======== EXERCISE MATERIAL
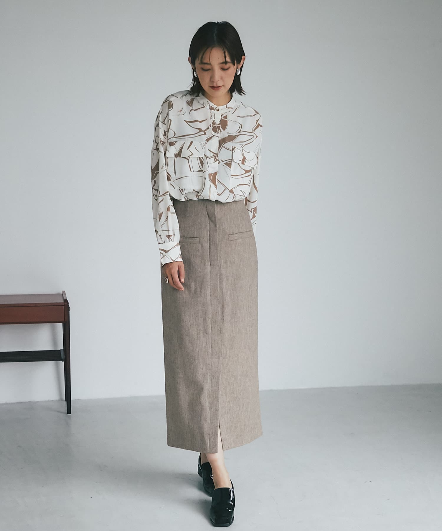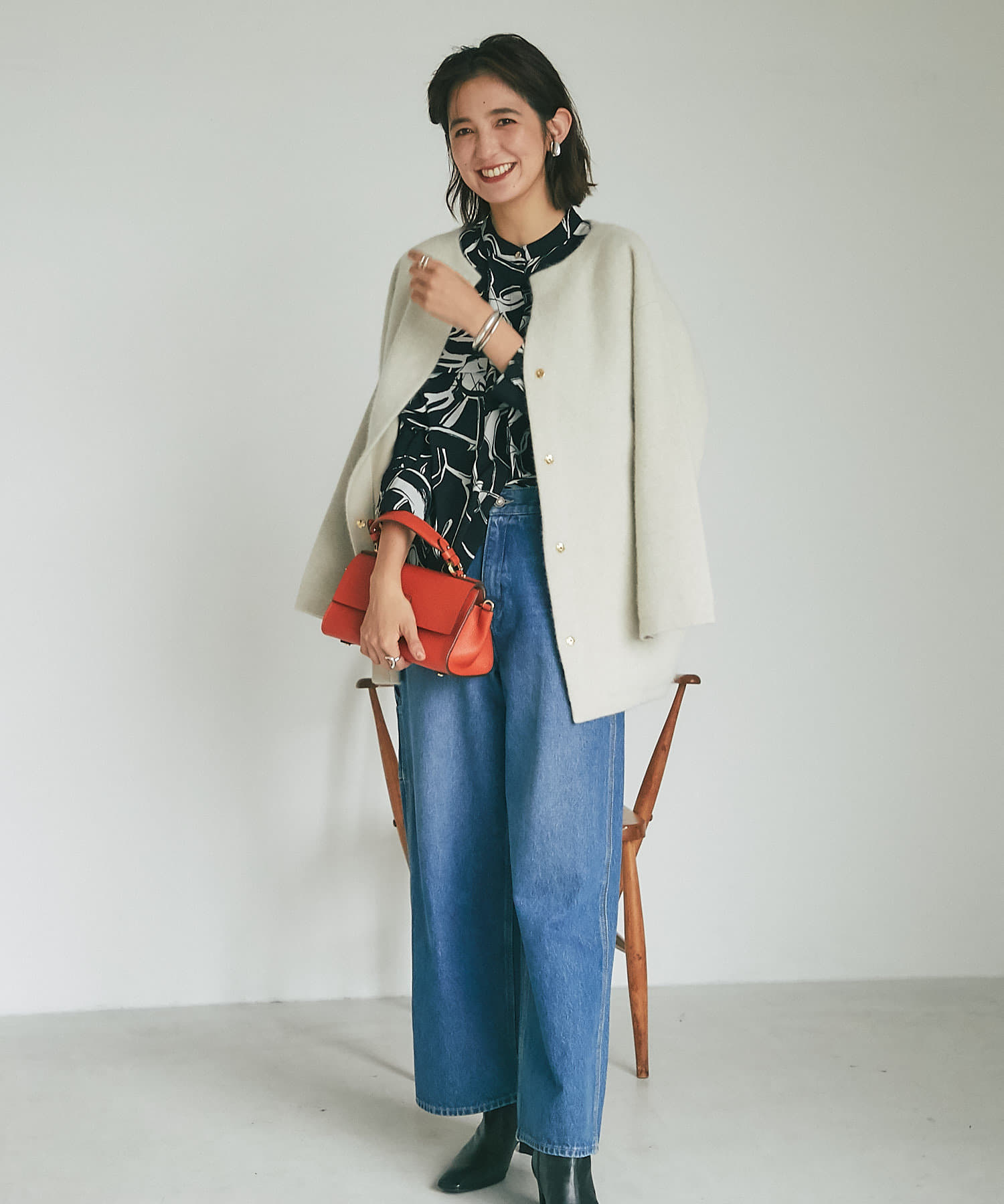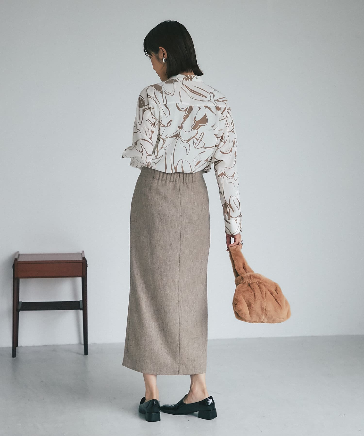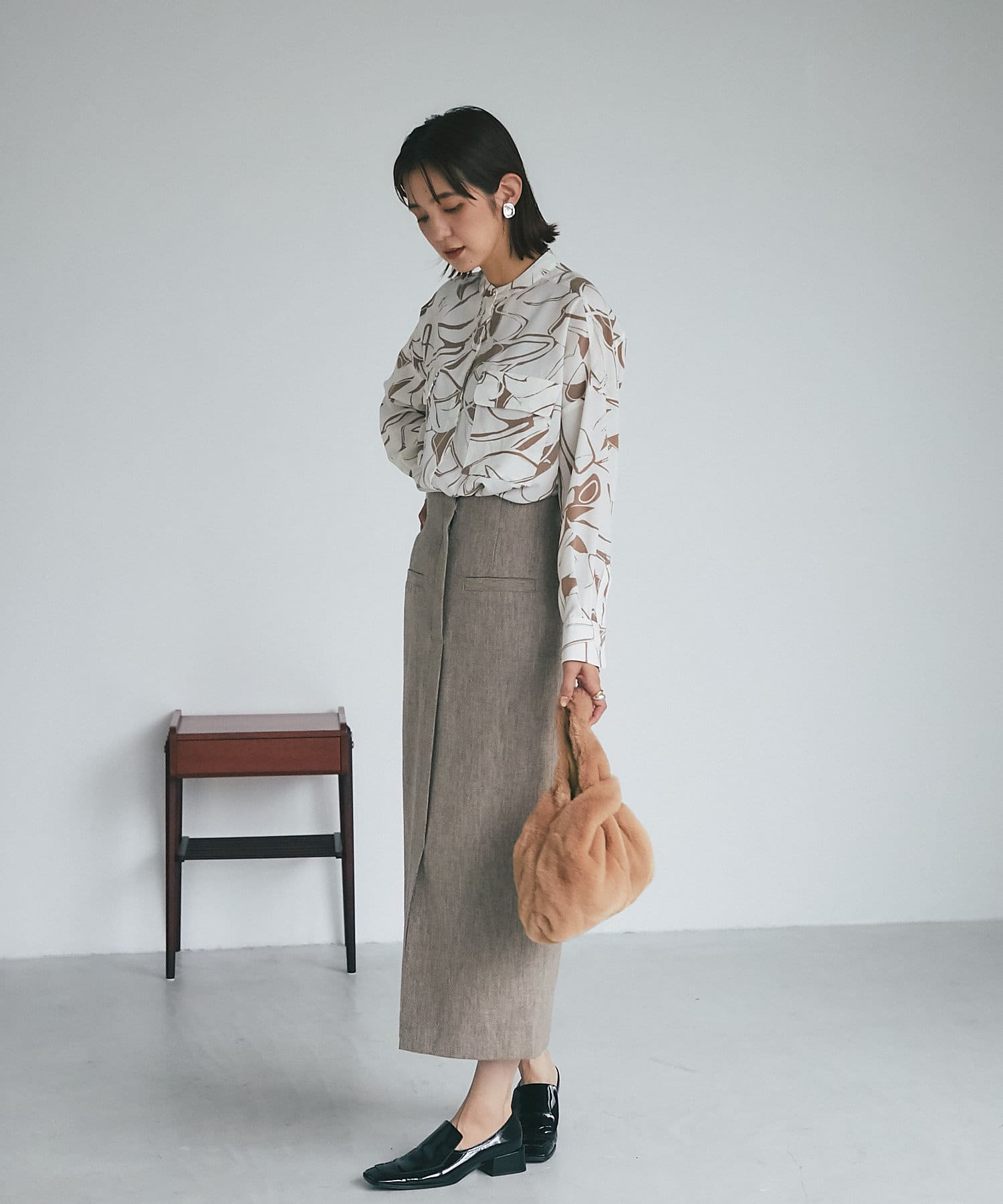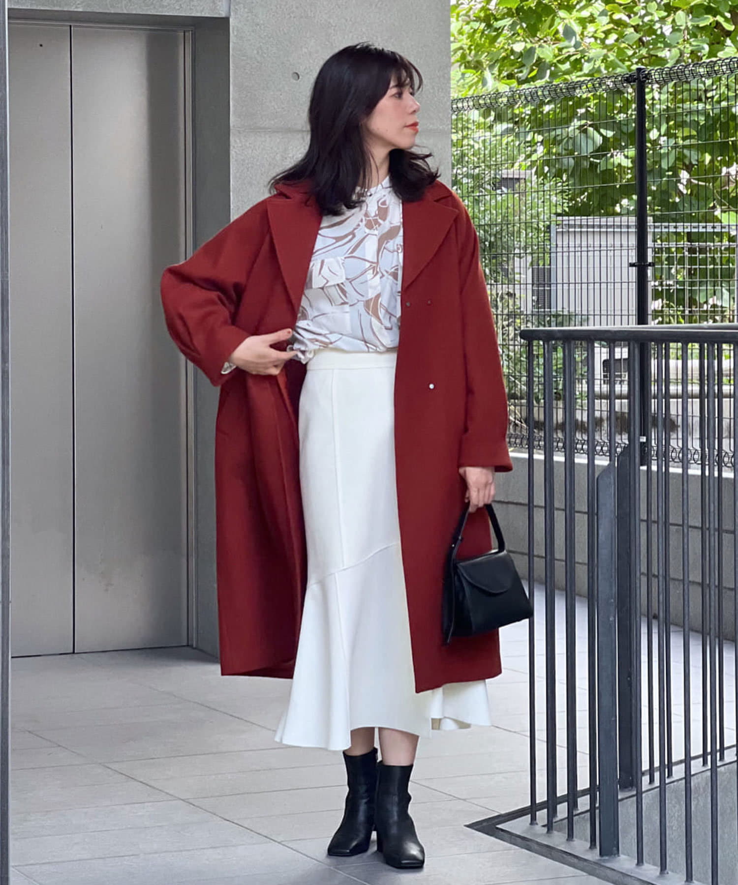 また女性らしいIラインシルエットのスカートで組み合わせて頂くと、程よく抜け感が出て、これから増えてくるお出かけやお呼ばれなどにも素敵に着用して頂けます。
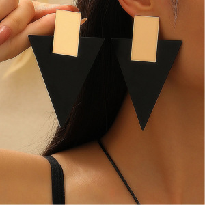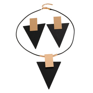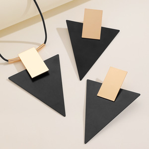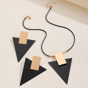 女士首饰套装几何矩形倒三角两色拼接吊坠搭配黑色绳链项链耳钉女
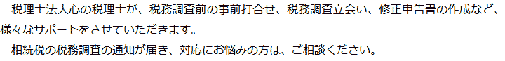 トップ業務内容相続税調査 階層構造▼ 業務内容(目次) 相続税調査 業務内容(目次)業務内容トップ行政書士法人相続百花の業務内容遺言遺産整理相続人調査相続財産調査遺産分割協議書の作成預金・貯金の解約・名義変更証券口座の解約・名義変更自動車の名義変更心グループのその他の業務内容家族信託・民事信託節税対策事業承継遺言の検認相続放棄限定承認遺産分割遺留分侵害額請求相続登記相続税申告相続税調査 受付時間 平日 9時~21時、土日祝 9時~18時 夜間・土日祝の相談も対応します (要予約) 所在地 〒060-0808 北海道札幌市北区北8条西4‐1-1パストラルビルN8 2F 0120-15-2403 お問合せ・アクセス・地図
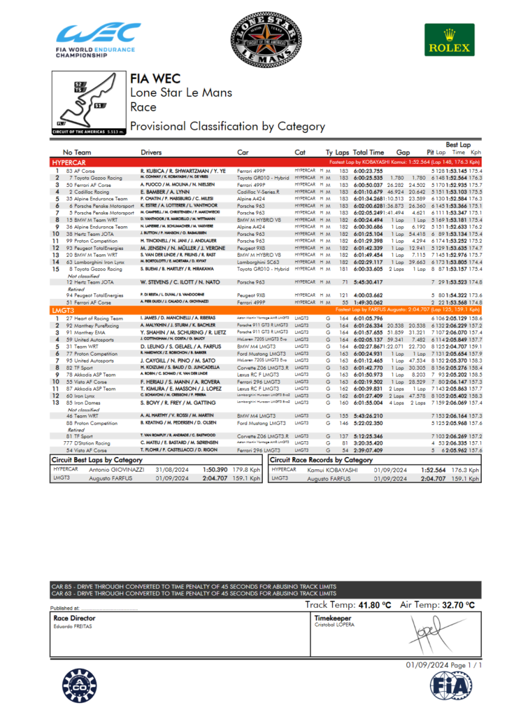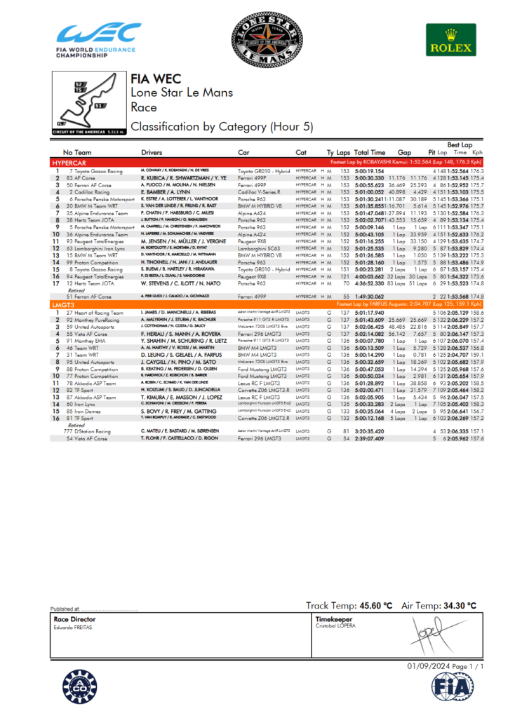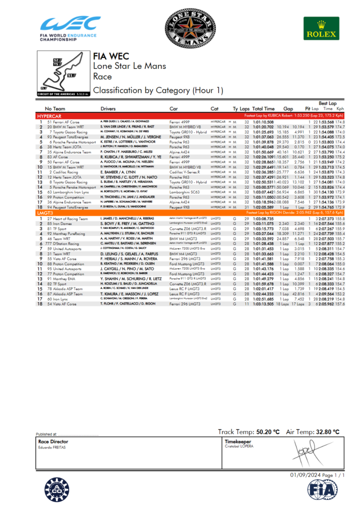 Da sottolineare che dopo 1 ora e 30 minuti i primi 10 in Classe Hypercar sono racchiusi in 33 secondi. Da sottolineare anche che 5 secondi vengono aggiunti sul tempo della Ferrari #51 di Giovinazzi/Calado/Pier Guidi (attualmente 2a a 4″ di distacco dalla #83 di Kubica) a causa di un contatto del pugliese sulla Lexus di Arnold Robin in Curva 7.
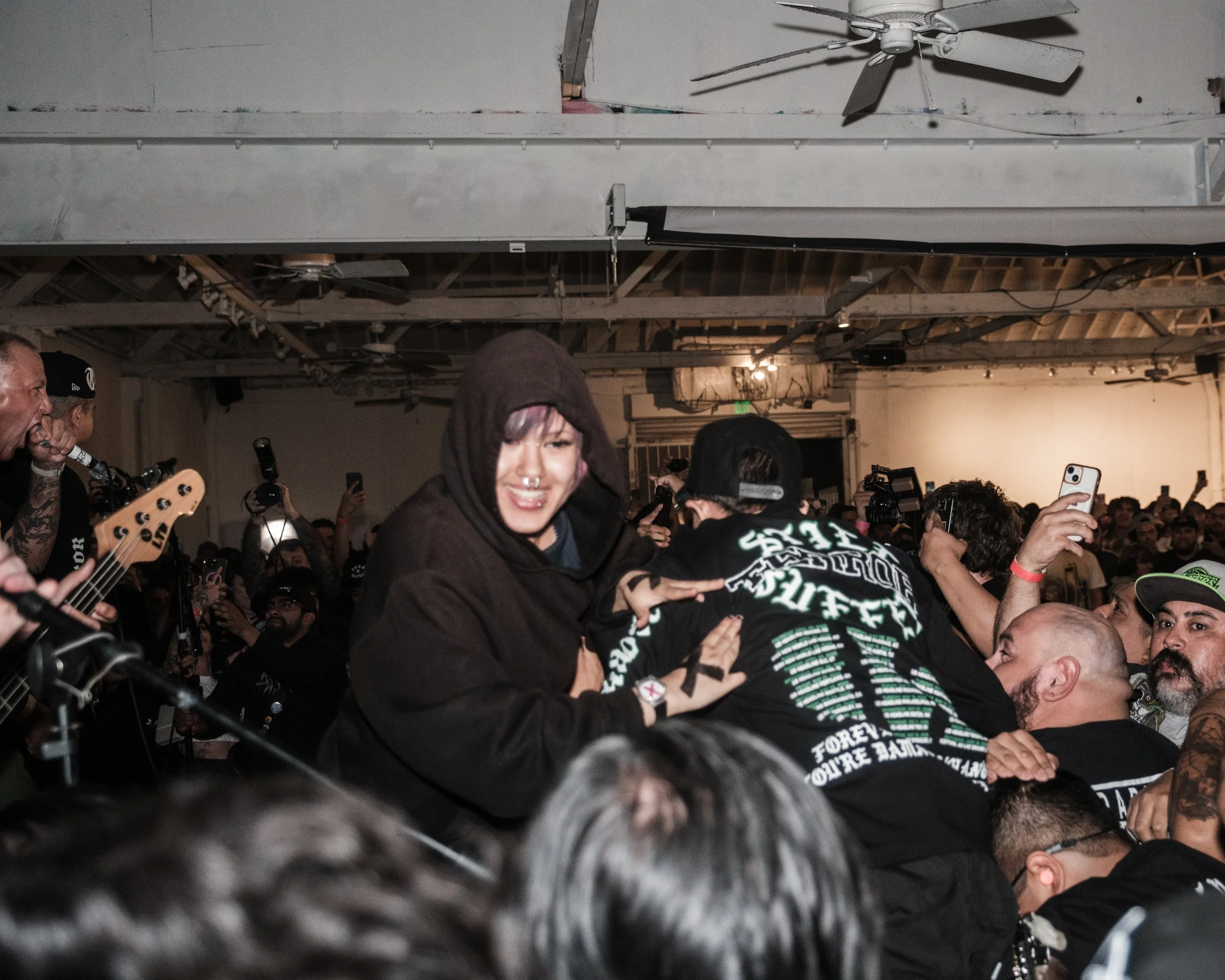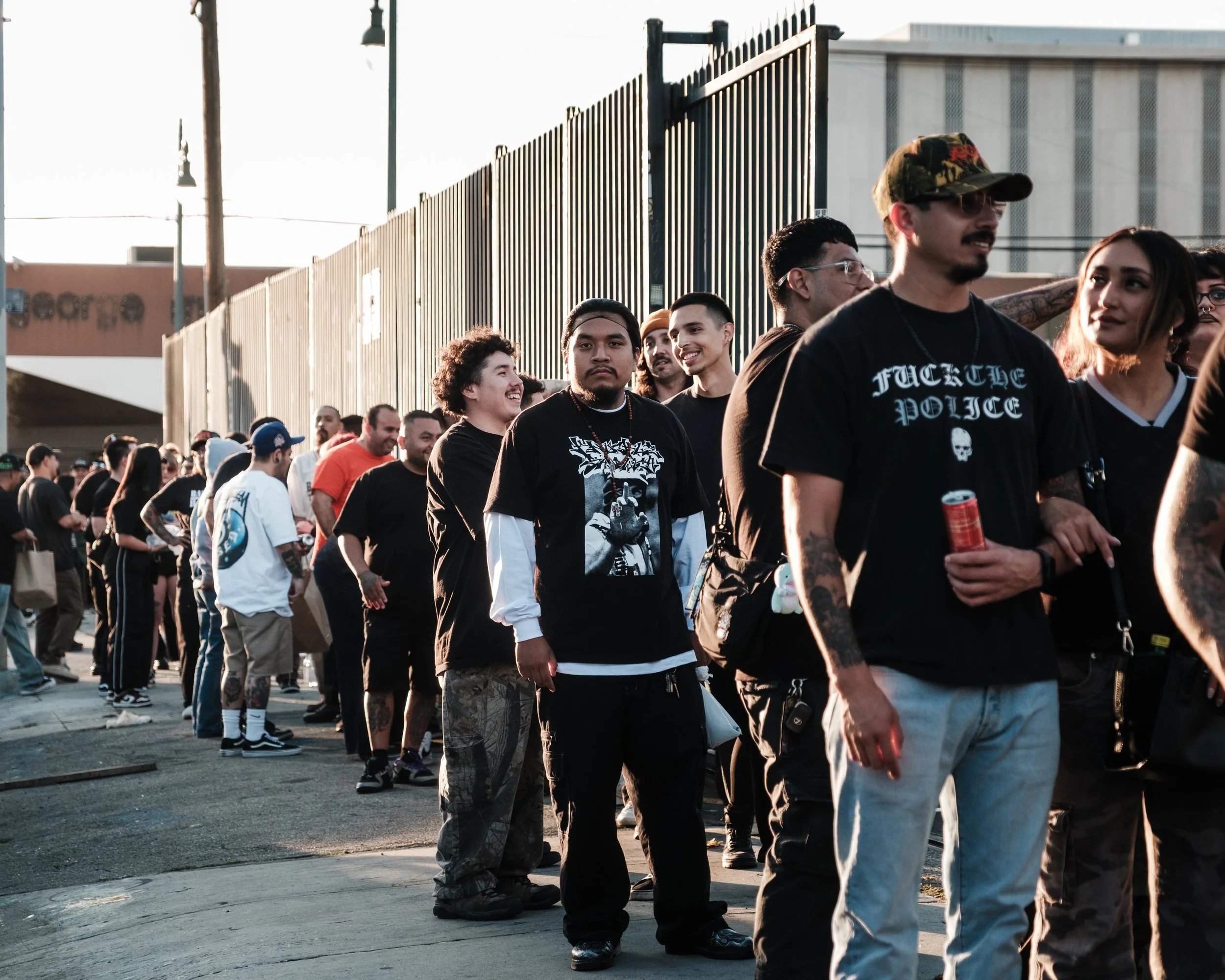 Terror brought Los Angeles Hardcore to Superchief Gallery in Downtown LA on a Tuesday night for a free capsule release party with Born x Raised, the Venice-born streetwear brand that has been a love letter to this city since 2013. Free entry, a line around the corner by 5:30pm, and a room packed well past capacity by the time Terror took the stage. The collaboration made complete sense. Two institutions built on LA pride and uncompromising identity, finding each other in a warehouse in DTLA.
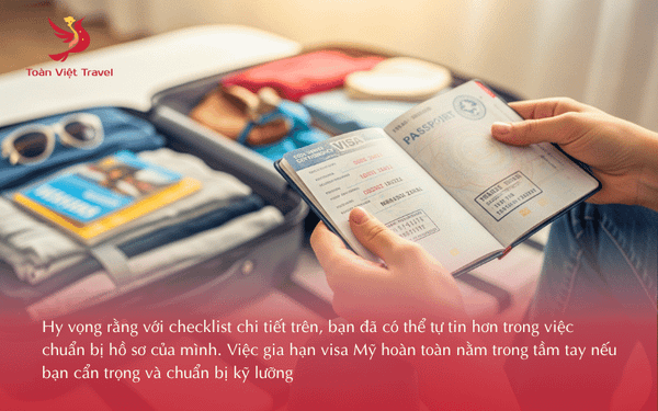 Hy vọng rằng với checklist chi tiết trên, bạn đã có thể tự tin hơn trong việc chuẩn bị hồ sơ của mình. Việc gia hạn visa Mỹ hoàn toàn nằm trong tầm tay nếu bạn cẩn trọng và chuẩn bị kỹ lưỡng.
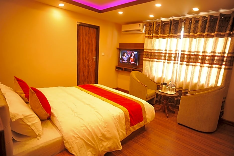 Practical comforts include an on-site restaurant, free private parking, and complimentary Wifi, along with room service. Shuttle services and airport transfers are available for an extra charge, while air conditioning and soundproof rooms help ensure a peaceful stay. Additional amenities include a terrace with views, balcony, 24-hour front desk, non-smoking rooms, wheelchair accessibility, an elevator, and free toiletries with a bidet; a kid-friendly buffet and kids' meals are available for an extra charge. A bar and tour desk add convenient touches for exploring Kathmandu.
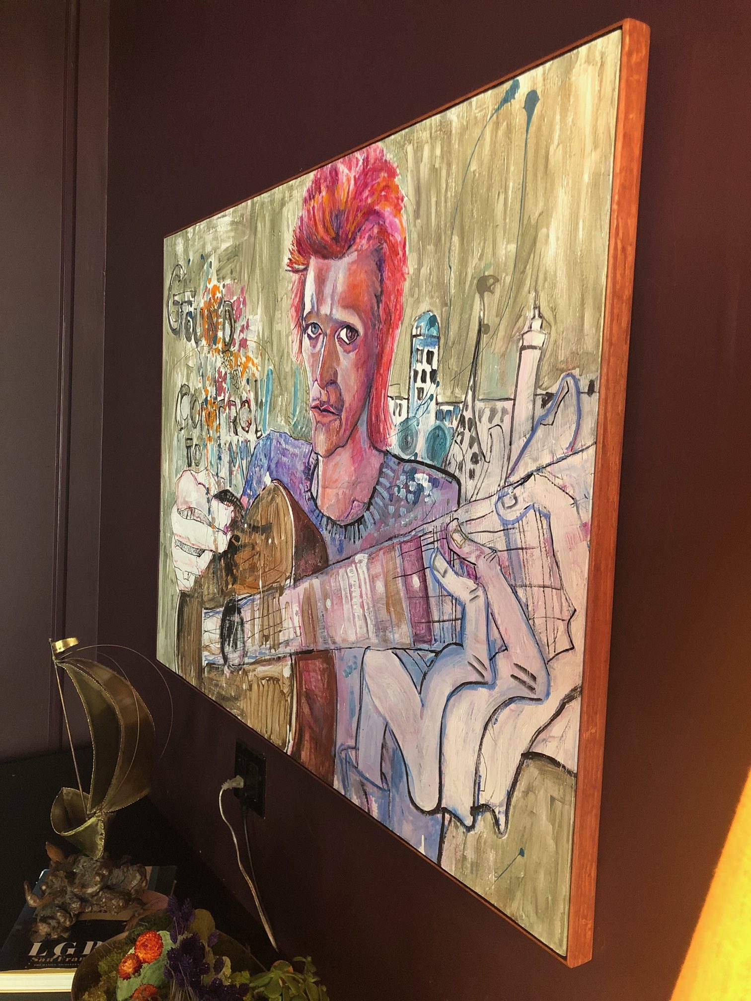 This beautiful painting of Ziggy Stardust is framed in a floating mahogany frame.  The painting is 48″ by 36″ so add 3/4 of an inch for the frame.  It looks beautiful at The Academy and would look great on any wall.
================
From the line with "Practical comforts include" through the final line of the data above, copy everything exactly, both ends included, but not the pictures.

 Practical comforts include an on-site restaurant, free private parking, and complimentary Wifi, along with room service. Shuttle services and airport transfers are available for an extra charge, while air conditioning and soundproof rooms help ensure a peaceful stay. Additional amenities include a terrace with views, balcony, 24-hour front desk, non-smoking rooms, wheelchair accessibility, an elevator, and free toiletries with a bidet; a kid-friendly buffet and kids' meals are available for an extra charge. A bar and tour desk add convenient touches for exploring Kathmandu.
 This beautiful painting of Ziggy Stardust is framed in a floating mahogany frame.  The painting is 48″ by 36″ so add 3/4 of an inch for the frame.  It looks beautiful at The Academy and would look great on any wall.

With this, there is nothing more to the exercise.